Running the above longer could can produce [many other types of faces](examples/161208__conv5_face_detector.jpg).

[4_hidden_conditional_sampling_placesCNN.sh](4_hidden_conditional_sampling_placesCNN.sh): One can repeat the example above but with an arbitrary neuron in a different condition network. Here, we visualize the conv5 neuron #182 in the [AlexNet DNN](http://places.csail.mit.edu/) trained on [MIT Places205](http://places.csail.mit.edu/) dataset. This neuron has been previously identified as a "food detector" in Zhou et al [2].

* Running `./4_hidden_conditional_sampling_placesCNN.sh 182` produces this result:




30 random samples that highly activate a "food detector" conv5 neuron.

[5_caption_conditional_sampling.sh](5_caption_conditional_sampling.sh): We can also replace the image classifier network in previous examples with a pre-trained image captioning network to form a text-to-image model without even re-training anything. The image captioning model in this example is the LRCN model in Donahue et al (2015) [1].
* You would need to use the Caffe provided [here](https://github.com/anguyen8/caffe_lrcn) and update the path to Caffe accordingly in [settings.py](settings.py#L2)
* The list of words supported are [here](misc/vocabulary.txt)

* Running `./5_caption_conditional_sampling.sh a_church_steeple_that_has_a_clock_on_it` produces this result:



Note that we often obtain mixed results with this particular text-to-image model. For some words, it works pretty well, but for others it struggles to produce reasonable images. While the language space in this model still needs further exploration, as a starting point, here are some [sentences](misc/sentences.txt) that produce reasonable images.

[6_class_conditional_sampling_from_real_image.sh](6_class_conditional_sampling_from_real_image.sh): One can also initialize the sampling from a real image (here, [images/volcano.jpg](images/volcano.jpg)).

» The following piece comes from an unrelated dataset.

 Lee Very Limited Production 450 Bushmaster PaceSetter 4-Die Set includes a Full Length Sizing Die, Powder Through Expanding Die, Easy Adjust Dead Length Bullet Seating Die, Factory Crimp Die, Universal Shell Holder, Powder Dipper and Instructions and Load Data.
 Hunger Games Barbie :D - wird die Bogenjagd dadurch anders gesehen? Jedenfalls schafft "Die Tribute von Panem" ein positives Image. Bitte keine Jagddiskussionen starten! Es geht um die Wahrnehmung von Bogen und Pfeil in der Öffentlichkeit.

* Running `./6_class_conditional_sampling_from_real_image.sh 980` produces this result:



[7_inpainting.sh](7_inpainting.sh): One can also perform "inpainting" i.e. predicting the missing pixels given the observed ones.

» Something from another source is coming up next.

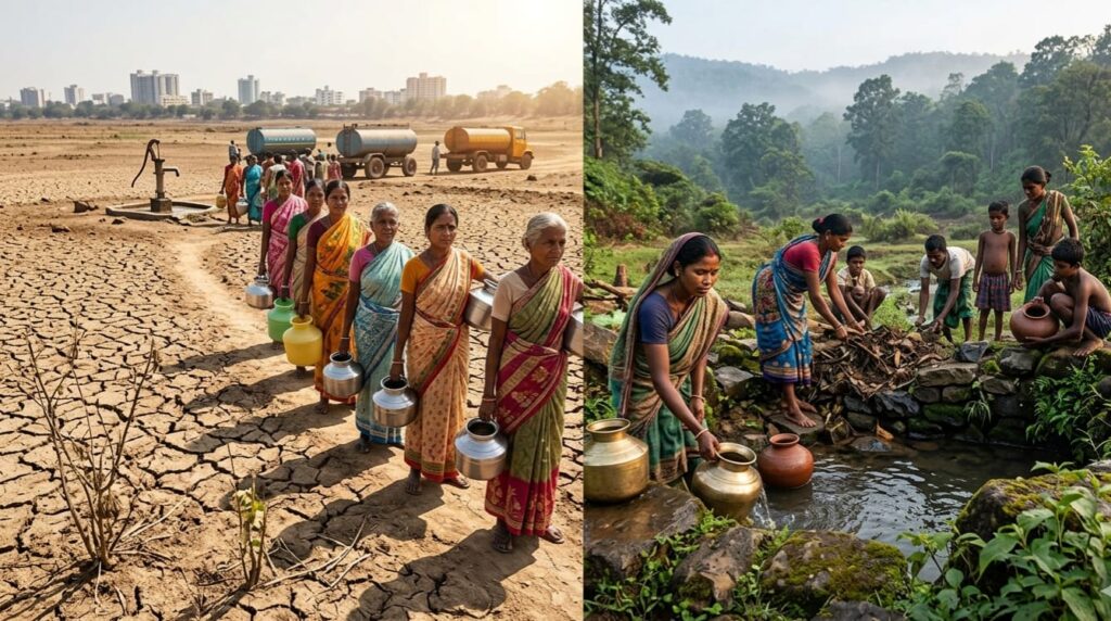 न्यायधानी बिलासपुर की स्थिति भी इससे अलग नहीं है, जहाँ अर्पा नदी का अस्तित्व अब केवल मानसून के कुछ महीनों तक ही सीमित होकर रह गया है। शहर के भीतर गिरता जल स्तर गर्मी की शुरुआत में ही जल संकट का संकेत देने लगा है और अर्पा में बने बैराजों के बावजूद पानी की शुद्धता और उसका ठहराव एक बड़ा यक्ष प्रश्न बना हुआ है। दूसरी ओर, उत्तर छत्तीसगढ़ के सरगुजा और जशपुर जैसे पहाड़ी अंचलों में समस्या पानी की उपलब्धता की नहीं बल्कि उसके संचयन की है। ढलानी भौगोलिक संरचना के कारण बारिश का अधिकांश पानी बहकर नदियों में चला जाता है, जिससे जशपुर के बगीचा और मनोरा जैसे क्षेत्रों के पारंपरिक जल स्रोत ‘झरिया’ और ‘डोंगी’ गर्मियों में तेजी से सूखने लगते हैं। इन वनांचलों में रहने वाले ग्रामीणों को अपनी प्यास बुझाने के लिए मीलों पैदल चलना पड़ता है, जो राज्य के जल प्रबंधन तंत्र की सीमाओं को उजागर करता है।

* Running `./7_inpainting.sh` produces this result:




In each pair, the left is a real image with a random 100x100 patch masked out. The right is the result of PPGNs filling in the patch.

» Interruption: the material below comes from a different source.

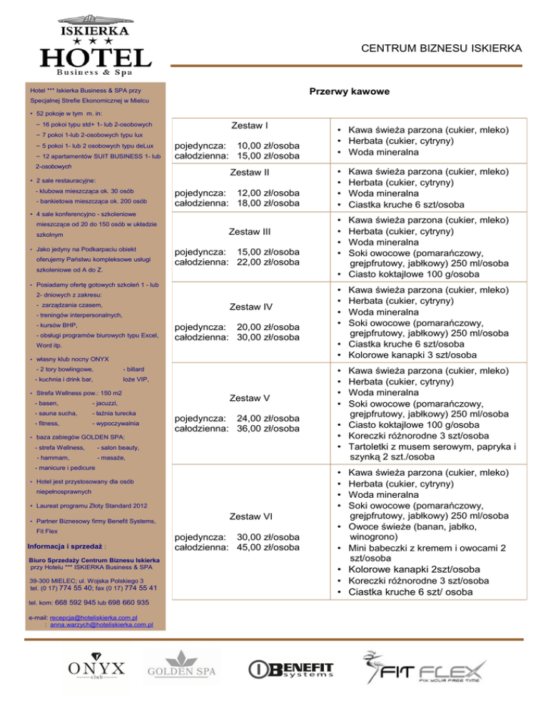 CENTRUM BIZNESU ISKIERKA Przerwy kawowe Hotel *** Iskierka Business & SPA przy Specjalnej Strefie Ekonomicznej w Mielcu • 52 pokoje w tym m. in: − 16 pokoi typu std+ 1- lub 2-osobowych Zestaw I − 7 pokoi 1-lub 2-osobowych typu lux − 5 pokoi 1- lub 2 osobowych typu deLux − 12 apartamentów SUIT BUSINESS 1- lub 2-osobowych pojedyncza: 10,00 zł/osoba całodzienna: 15,00 zł/osoba Zestaw II • 2 sale restauracyjne: - klubowa mieszcząca ok. 30 osób - bankietowa mieszcząca ok. 200 osób pojedyncza: 12,00 zł/osoba całodzienna: 18,00 zł/osoba • 4 sale konferencyjno - szkoleniowe mieszczące od 20 do 150 osób w układzie szkolnym • Jako jedyny na Podkarpaciu obiekt oferujemy Państwu kompleksowe usługi szkoleniowe od A do Z. Zestaw III pojedyncza: 15,00 zł/osoba całodzienna: 22,00 zł/osoba • Posiadamy ofertę gotowych szkoleń 1 - lub 2- dniowych z zakresu: - zarządzania czasem, Zestaw IV - treningów interpersonalnych, - kursów BHP, - obsługi programów biurowych typu Excel, Word itp. pojedyncza: 20,00 zł/osoba całodzienna: 30,00 zł/osoba • własny klub nocny ONYX - 2 tory bowlingowe, - billard - kuchnia i drink bar, loże VIP, • Strefa Wellness pow.: 150 m2 - basen, - jacuzzi, - sauna sucha, - łaźnia turecka - fitness, - wypoczywalnia Zestaw V pojedyncza: 24,00 zł/osoba całodzienna: 36,00 zł/osoba • baza zabiegów GOLDEN SPA: - strefa Wellness, - salon beauty, - hammam, - masaże, - manicure i pedicure niepełnosprawnych • Laureat programu Złoty Standard 2012 Fit Flex Informacja i sprzedaż : Biuro Sprzedaży Centrum Biznesu Iskierka przy Hotelu *** ISKIERKA Business & SPA 39-300 MIELEC; ul. Wojska Polskiego 3 tel. (0 17) 774 55 40; fax (0 17) 774 55 41 tel. kom: 668 592 945 lub 698 660 935 e-mail: [email protected] : [email protected] • • • • Kawa świeża parzona (cukier, mleko) Herbata (cukier, cytryny) Woda mineralna Soki owocowe (pomarańczowy, grejpfrutowy, jabłkowy) 250 ml/osoba • Ciasto koktajlowe 100 g/osoba Kawa świeża parzona (cukier, mleko) Herbata (cukier, cytryny) Woda mineralna Soki owocowe (pomarańczowy, grejpfrutowy, jabłkowy) 250 ml/osoba • Ciastka kruche 6 szt/osoba • Kolorowe kanapki 3 szt/osoba • • • • Kawa świeża parzona (cukier, mleko) Herbata (cukier, cytryny) Woda mineralna Soki owocowe (pomarańczowy, grejpfrutowy, jabłkowy) 250 ml/osoba • Ciasto koktajlowe 100 g/osoba • Koreczki różnorodne 3 szt/osoba • Tartoletki z musem serowym, papryka i szynką 2 szt./osoba • • • • Zestaw VI • pojedyncza: 30,00 zł/osoba całodzienna: 45,00 zł/osoba Kawa świeża parzona (cukier, mleko) Herbata (cukier, cytryny) Woda mineralna Ciastka kruche 6 szt/osoba • • • • • • • • • Hotel jest przystosowany dla osób • Partner Biznesowy firmy Benefit Systems, • Kawa świeża parzona (cukier, mleko) • Herbata (cukier, cytryny) • Woda mineralna • • • • Kawa świeża parzona (cukier, mleko) Herbata (cukier, cytryny) Woda mineralna Soki owocowe (pomarańczowy, grejpfrutowy, jabłkowy) 250 ml/osoba Owoce świeże (banan, jabłko, winogrono) Mini babeczki z kremem i owocami 2 szt/osoba Kolorowe kanapki 2szt/osoba Koreczki różnorodne 3 szt/osoba Ciastka kruche 6 szt/ osoba

### Using your own condition models
* If using your own condition network, you should search for the parameters that produces the best images for your model (epsilon1, epsilon2, epsilon3 or learning rates). One simple way to do this is sweeping across different parameters.
* Note that this script should work with Tensorflow models as well because they all talk Python

## 3. Ideas
Here are a few (crazy?) ideas that one could play with PPGNs:

1. One can generate objects in a specific region of the image, similar to `Learning What and Where to Draw` Reed et al. (2016), by conditioning on a region of the last heatmap of a fully convolutional classification network or a semantic segmentation network.
2. Plugin a better image captioning model e.g. the [Show and Tell](https://research.googleblog.com/2016/09/show-and-tell-image-captioning-open.html)
3. Synthesize a Music Video by sampling images conditioned on lyrics.
4. There are more and crazier ideas to do with PPGNs, feel free to reach out if you want to chat.

## 4. Licenses
Note that the code in this repository is licensed under MIT License, but, the pre-trained condition models used by the code have their own licenses. Please carefully check them before use.

## 5. Questions?
If you have questions/suggestions, please feel free to [email](mailto:[email protected]), tweet to [@anh_ng8](https://twitter.com/anh_ng8) or create github issues.

## References

[1] Donahue et al. "Long-term Recurrent Convolutional Networks for Visual Recognition and Description". CVPR 2015

[2] Zhou B, Khosla A, Lapedriza A, Oliva A, Torralba A. "Object detectors emerge in deep scene cnns". ICLR 2015.